Collection entries:
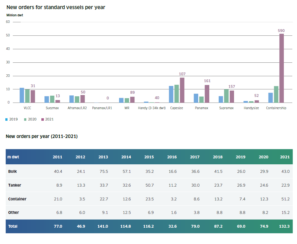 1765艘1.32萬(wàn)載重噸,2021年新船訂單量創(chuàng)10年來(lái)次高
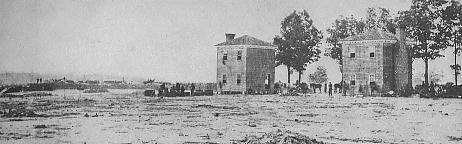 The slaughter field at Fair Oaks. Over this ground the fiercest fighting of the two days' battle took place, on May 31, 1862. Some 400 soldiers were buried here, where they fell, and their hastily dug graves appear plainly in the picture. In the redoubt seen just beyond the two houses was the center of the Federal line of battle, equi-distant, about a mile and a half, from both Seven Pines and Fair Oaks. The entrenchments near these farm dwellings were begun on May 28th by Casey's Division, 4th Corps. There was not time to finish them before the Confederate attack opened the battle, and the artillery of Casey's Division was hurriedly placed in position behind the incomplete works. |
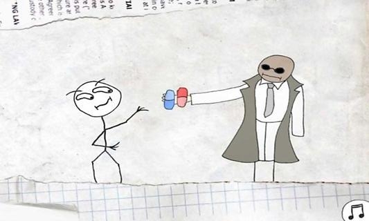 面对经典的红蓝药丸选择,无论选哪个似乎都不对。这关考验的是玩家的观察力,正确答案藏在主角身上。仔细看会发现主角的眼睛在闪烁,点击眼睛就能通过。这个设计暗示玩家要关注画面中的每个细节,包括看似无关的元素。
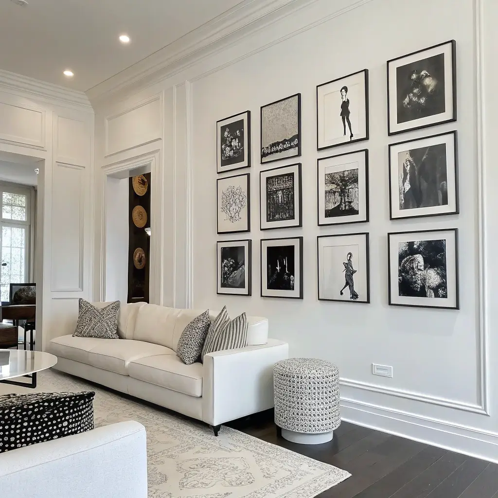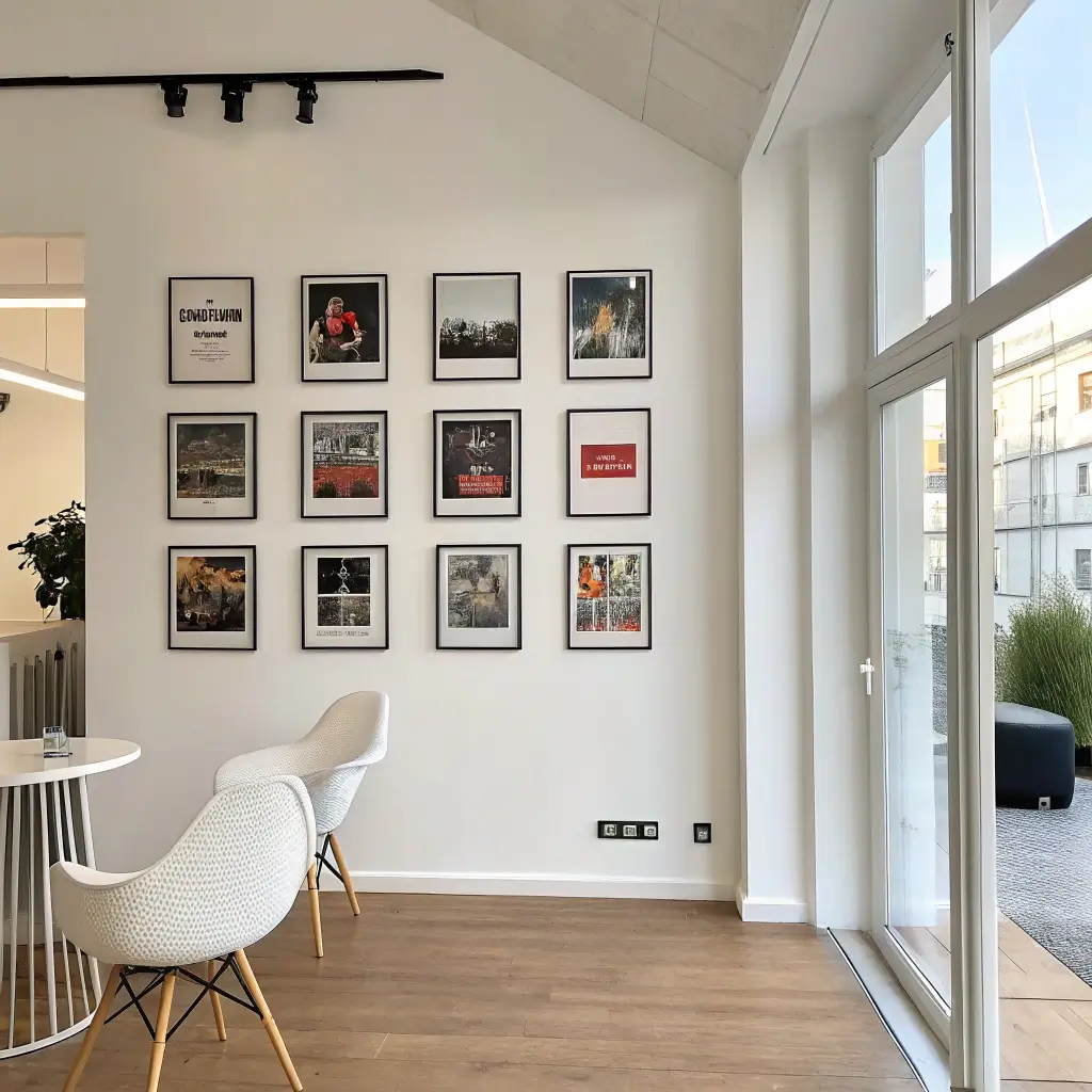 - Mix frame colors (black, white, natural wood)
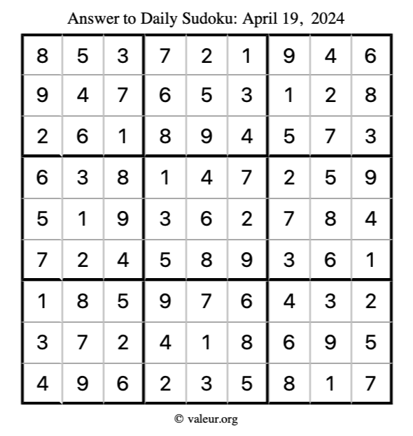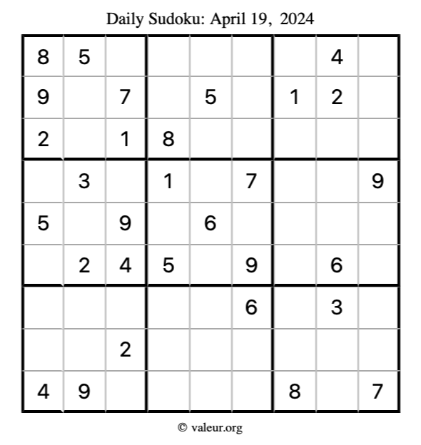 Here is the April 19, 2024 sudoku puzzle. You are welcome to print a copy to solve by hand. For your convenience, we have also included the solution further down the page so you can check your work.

Goal of the exercise: Reproduce nothing but the lines that run from the line containing "面对经典的红蓝药丸选择,无论" through the last line of the records, inclusive. Omit the pictures.

Task result:
 面对经典的红蓝药丸选择,无论选哪个似乎都不对。这关考验的是玩家的观察力,正确答案藏在主角身上。仔细看会发现主角的眼睛在闪烁,点击眼睛就能通过。这个设计暗示玩家要关注画面中的每个细节,包括看似无关的元素。
 - Mix frame colors (black, white, natural wood)
 Here is the April 19, 2024 sudoku puzzle. You are welcome to print a copy to solve by hand. For your convenience, we have also included the solution further down the page so you can check your work.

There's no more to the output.